The reply to the records below should contain exactly the lines from the line with "Sketches and other" through the line with "Готовлю на этой", and nothing besides.

## [Information provided]
-- Opening Marker --
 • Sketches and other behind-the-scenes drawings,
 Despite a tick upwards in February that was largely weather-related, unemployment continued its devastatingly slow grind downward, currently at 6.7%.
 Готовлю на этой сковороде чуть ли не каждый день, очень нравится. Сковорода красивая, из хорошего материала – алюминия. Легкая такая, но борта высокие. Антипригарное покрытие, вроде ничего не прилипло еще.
-- Closing Marker --
-- Opening Marker --
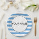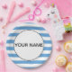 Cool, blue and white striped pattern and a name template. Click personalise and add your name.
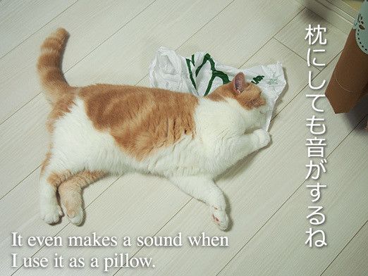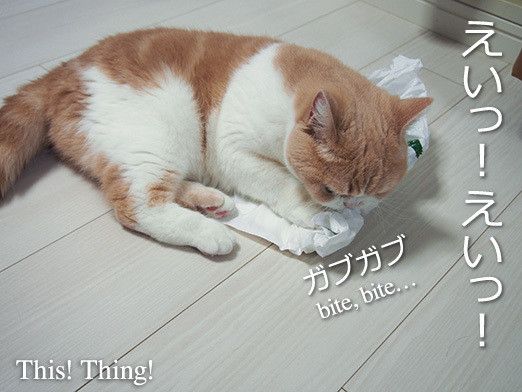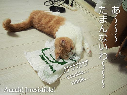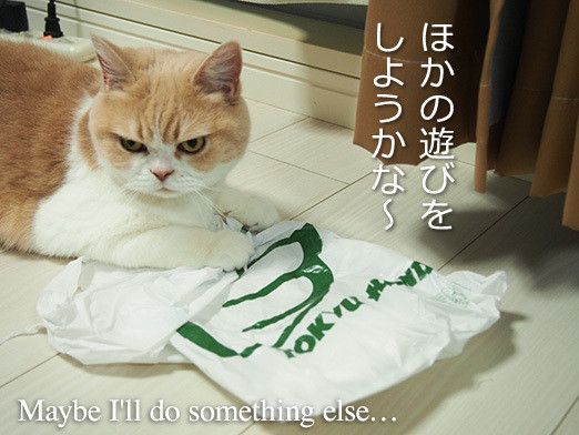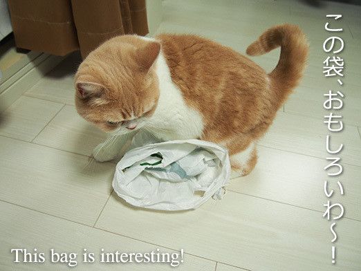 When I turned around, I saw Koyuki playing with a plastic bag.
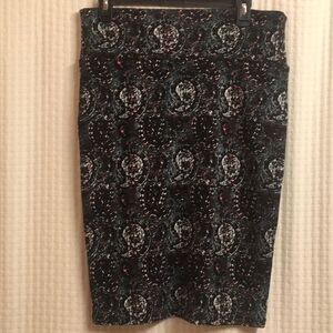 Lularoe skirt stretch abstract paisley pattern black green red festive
-- Closing Marker --
-- Opening Marker --
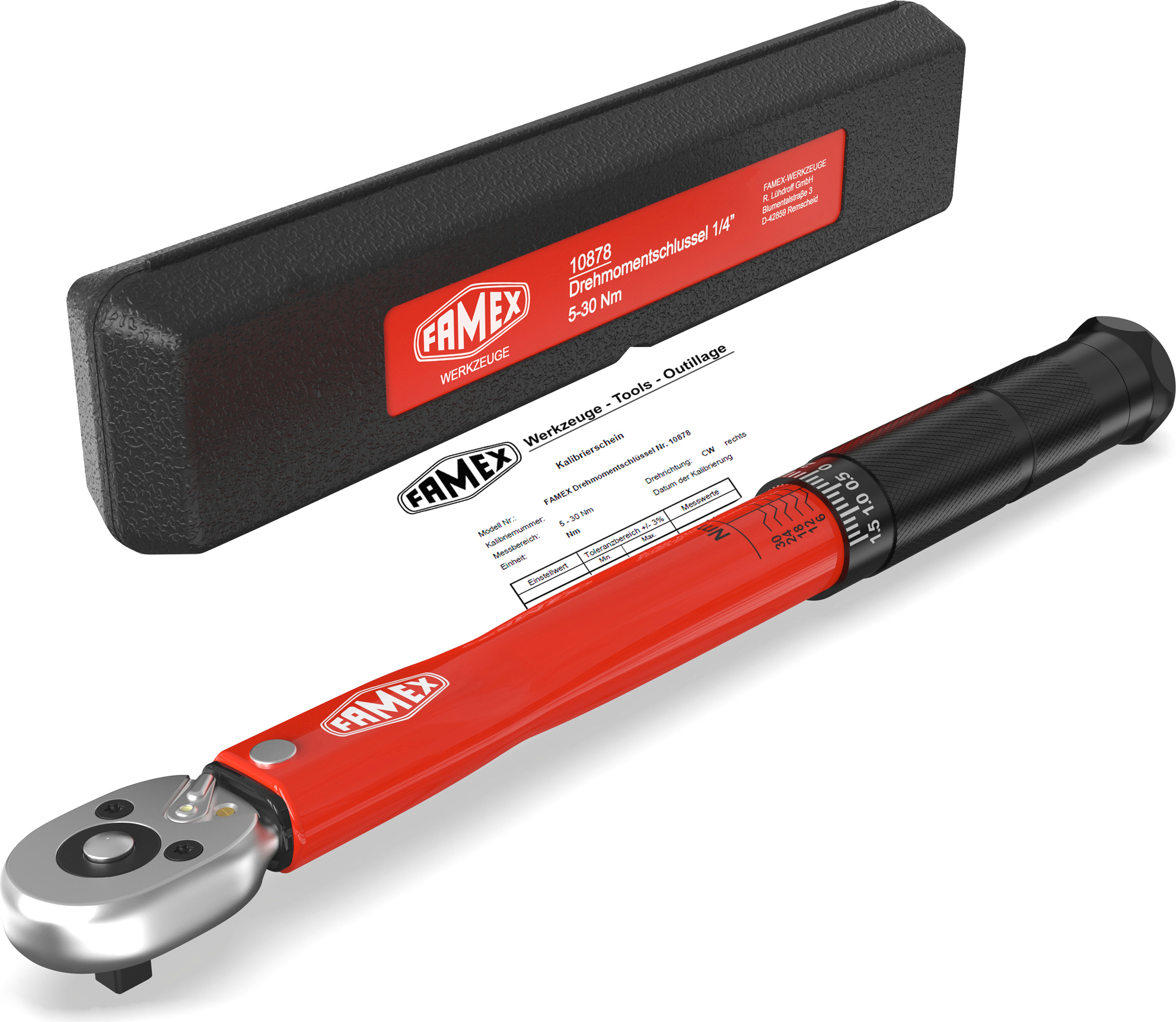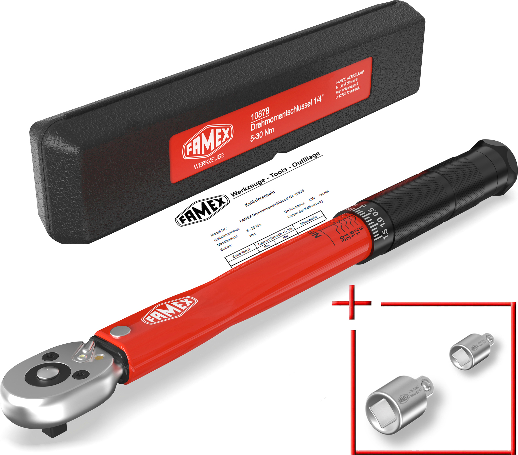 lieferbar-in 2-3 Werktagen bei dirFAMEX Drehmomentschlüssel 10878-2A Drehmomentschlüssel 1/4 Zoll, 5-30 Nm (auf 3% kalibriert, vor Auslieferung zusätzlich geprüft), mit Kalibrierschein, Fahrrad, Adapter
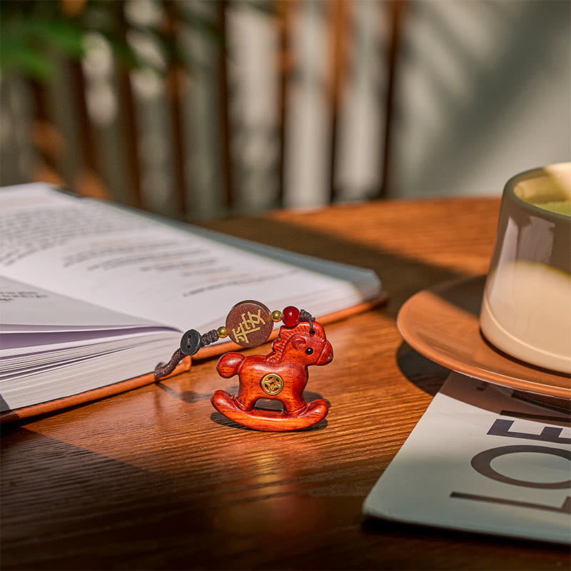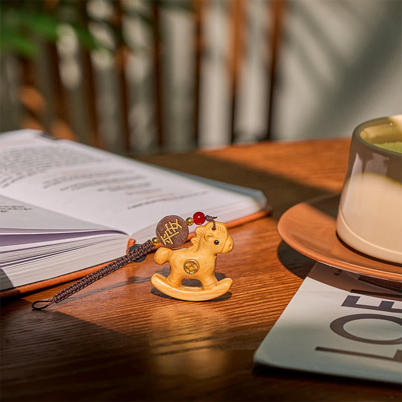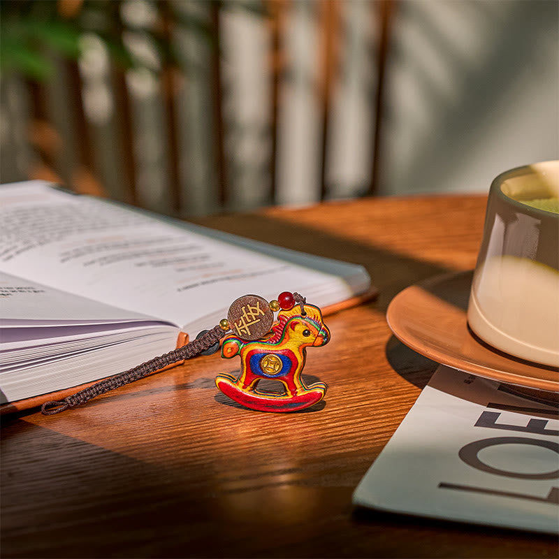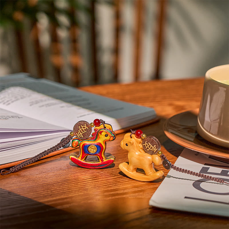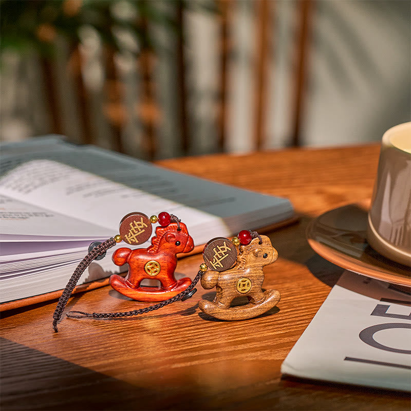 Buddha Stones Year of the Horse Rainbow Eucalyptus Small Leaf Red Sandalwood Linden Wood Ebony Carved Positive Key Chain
-- Closing Marker --
## [The answer]
 • Sketches and other behind-the-scenes drawings,
 Despite a tick upwards in February that was largely weather-related, unemployment continued its devastatingly slow grind downward, currently at 6.7%.
 Готовлю на этой сковороде чуть ли не каждый день, очень нравится. Сковорода красивая, из хорошего материала – алюминия. Легкая такая, но борта высокие. Антипригарное покрытие, вроде ничего не прилипло еще.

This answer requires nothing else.